I know a little about ion chambers and have used them. I often read about the materials they are constructed of, such as graphite for the thimble and the use of aluminum for the central electrode. In one of the previous questions you stated that the purpose of the guard ring is to act as a conductor and to prevent leakage. What material is the guard ring most likely made of?

The materials of construction for ionization chambers vary somewhat depending on the intended application. For example, chambers designed to monitor intense radiation fields or to be used in some other physically demanding environment (e.g., high temperature) may use primarily metallic components, including the guard ring, to prolong the lifetime of the chamber. Materials such as aluminum, stainless steel, nickel, and others have been used. Ceramics have sometimes been used as insulators for such chambers.

Many of the ion chambers designed for high-accuracy dosimetry measurements use materials that are nearly tissue equivalent or air equivalent in atomic composition. This often leads to the use of plastics (or, in some cases, graphite) that are near tissue or air equivalent. While metals have been used in some designs, they have the disadvantage that the increased atomic number of metallic constituents compared to plastics or graphite can lead to some possible excess response to photons, especially to low-energy photons (enhanced photoelectric effect) and high-energy photons (enhanced pair production process). When metals are used, aluminum is a common choice because, among the commonly available metals, it has a relatively low atomic number.
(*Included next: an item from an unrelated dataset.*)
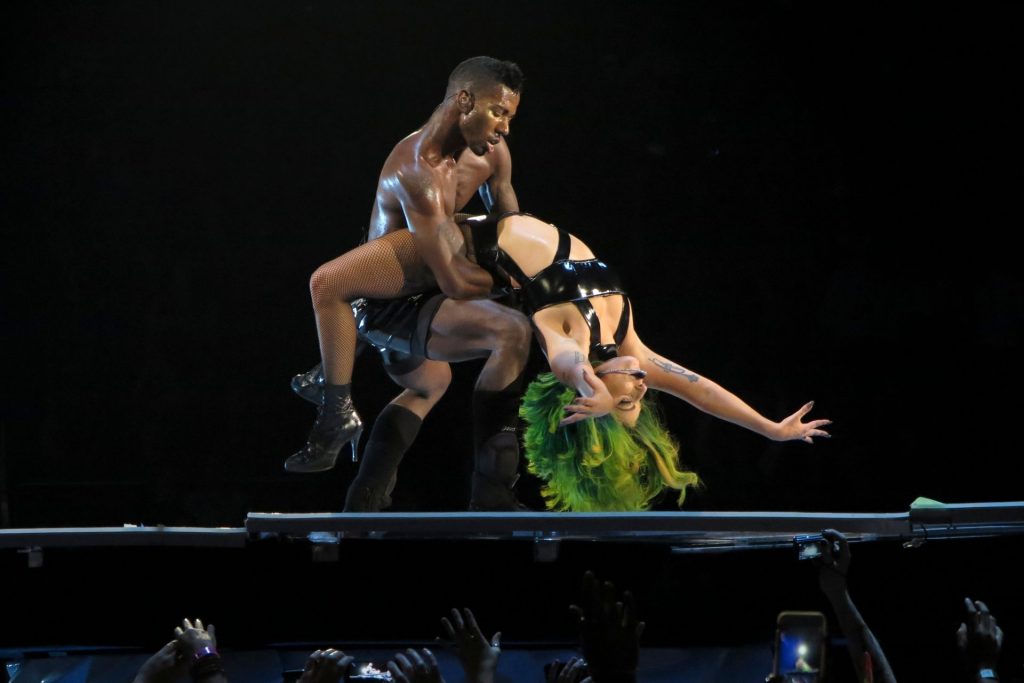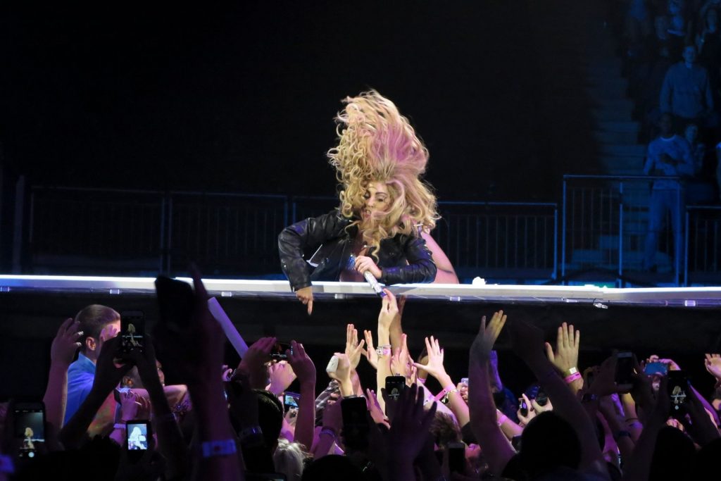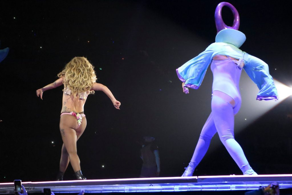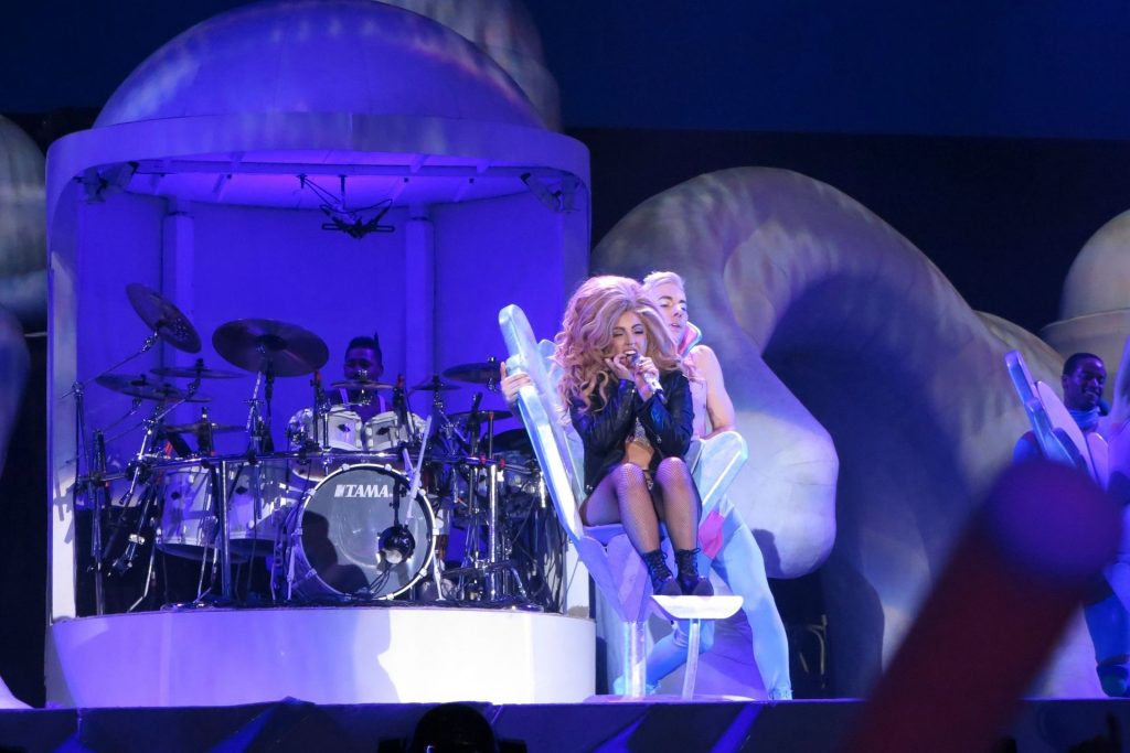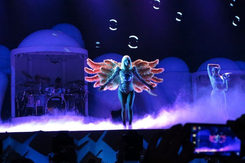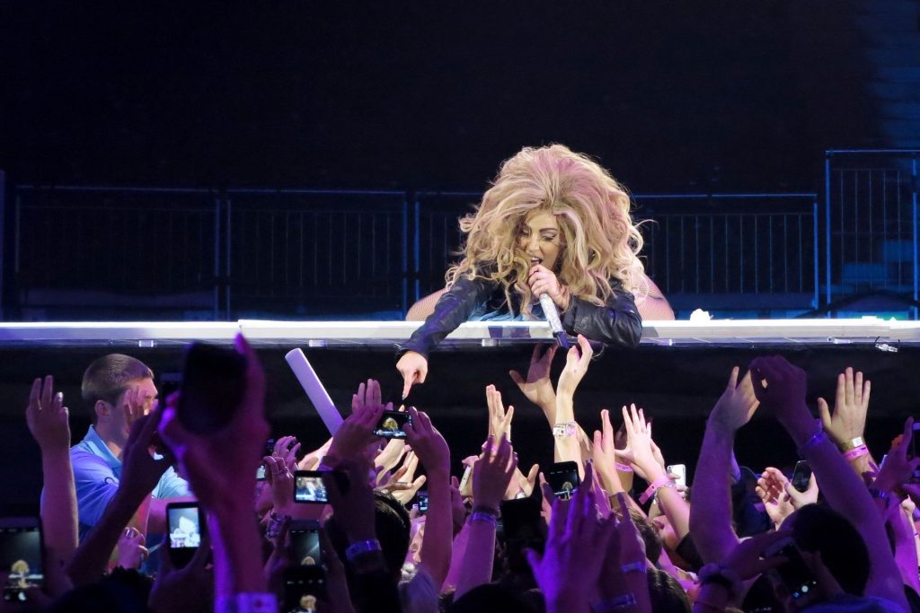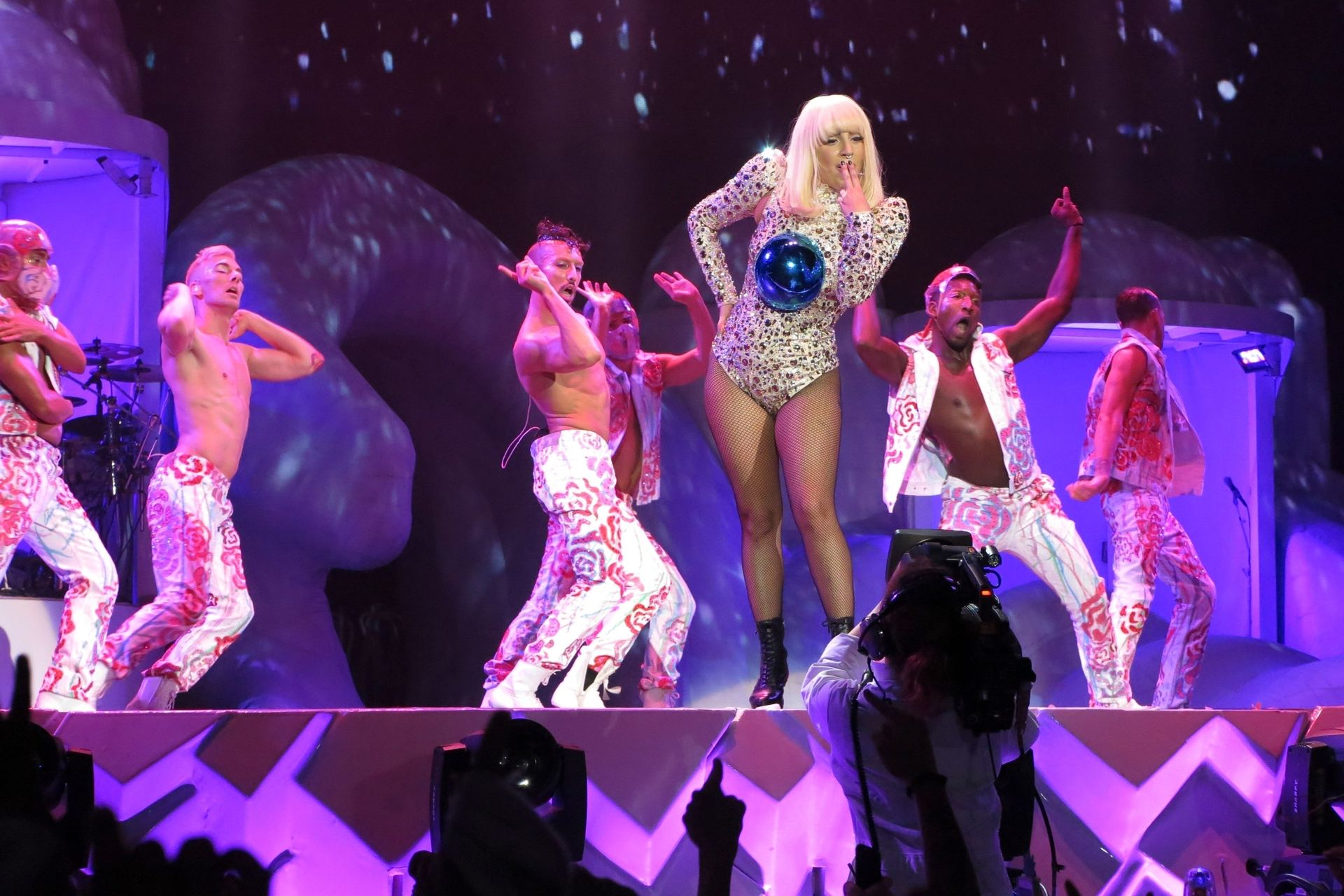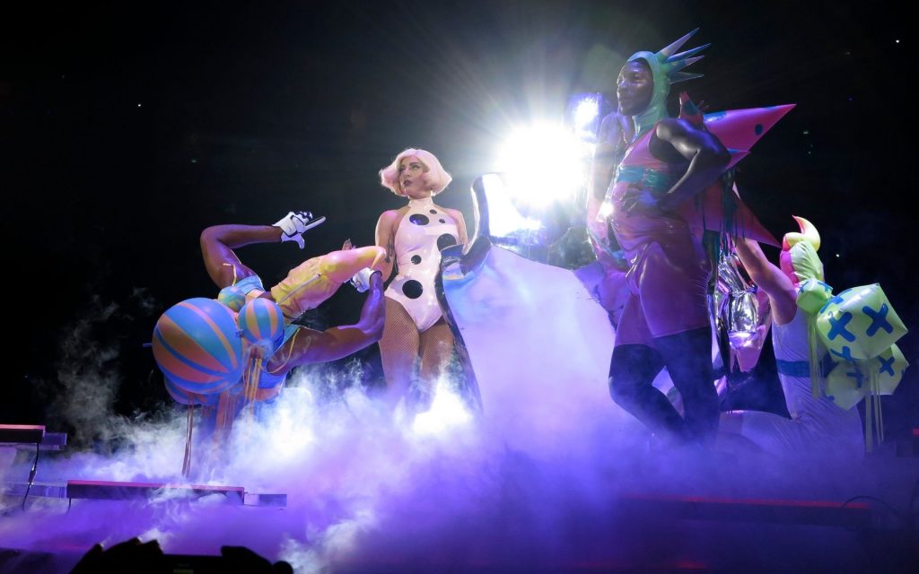 La chanteuse Lady Gaga se produit à l’O2 Arena de Londres, en Angleterre, le 23/10/2014. Elle a surpris avec ses nombreuses tenues et ses poses sexy sur scène.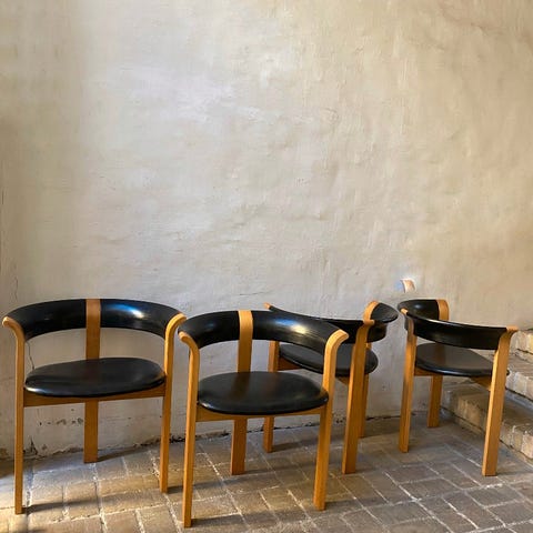 Stolene har ærlige brugsspor, der passer til alderen og understreger deres autentiske udtryk. Den originale polstring er i god stand. Ompolstring kan arrangeres efter ønske.

The plastics used for electrodes are often made electrically volume conductive, frequently by loading them with graphite during manufacture. In other cases tissue- or air-equivalent nonconducting plastics are used, and the electrode surfaces are made conducting by coating with colloidal graphite. In some cases the conductive coatings have been applied in the form of a very thin metallic coating, aluminum being one of the more common choices.

In a parallel plate chamber, the active surfaces of the disc-shaped collecting electrode and the guard ring lie in the same plane, separated from each other by a narrow insulating gap. The use of conducting plastic or graphite-coated plastic is popular for both collecting electrode and guard ring in such chambers.

For cylindrical and spherical ion chambers, the guard electrode forms a cylindrical conducting shield around the stem end of the collecting electrode, separated from the collecting electrode by a plastic insulator. A second cylindrical insulator separates the guard ring from the outer electrode. For high-accuracy tissue or air dose measurements, it is again desirable to use construction materials that have low atomic numbers, similar to soft tissue or air. Again, conducting plastics and/or graphite-coated electrodes are desirable. The guard electrode may be fabricated by coating the outer cylindrical surface of the insulator with conducting graphite to provide a favorable atomic number. Some such ionization chambers have been fabricated with a thin metallic coating on the outer surface of the insulator.

Depending on the design of the chamber, it may be desirable to have the cylindrical guard ring longer in dimension than the inner insulator, and some chambers have used conducting plastic, machined in the form of a hollow cylindrical guard ring to fit around the inner insulator. Metallic conductors have also been used in designs for some chambers to meet the requirements for sizing and specialized shaping of the guard electrode. While photon interactions in such metallic components may produce some errant response, the magnitude can usually be kept acceptably low (by limiting the atomic number and mass of the metal) and/or be properly assessed.

Ionization chambers intended for routine health physics operational measurements often have less demanding construction requirements than do chambers built for other dosimetry applications, and may use more metal in various instrument parts.

George Chabot, PhD, CHP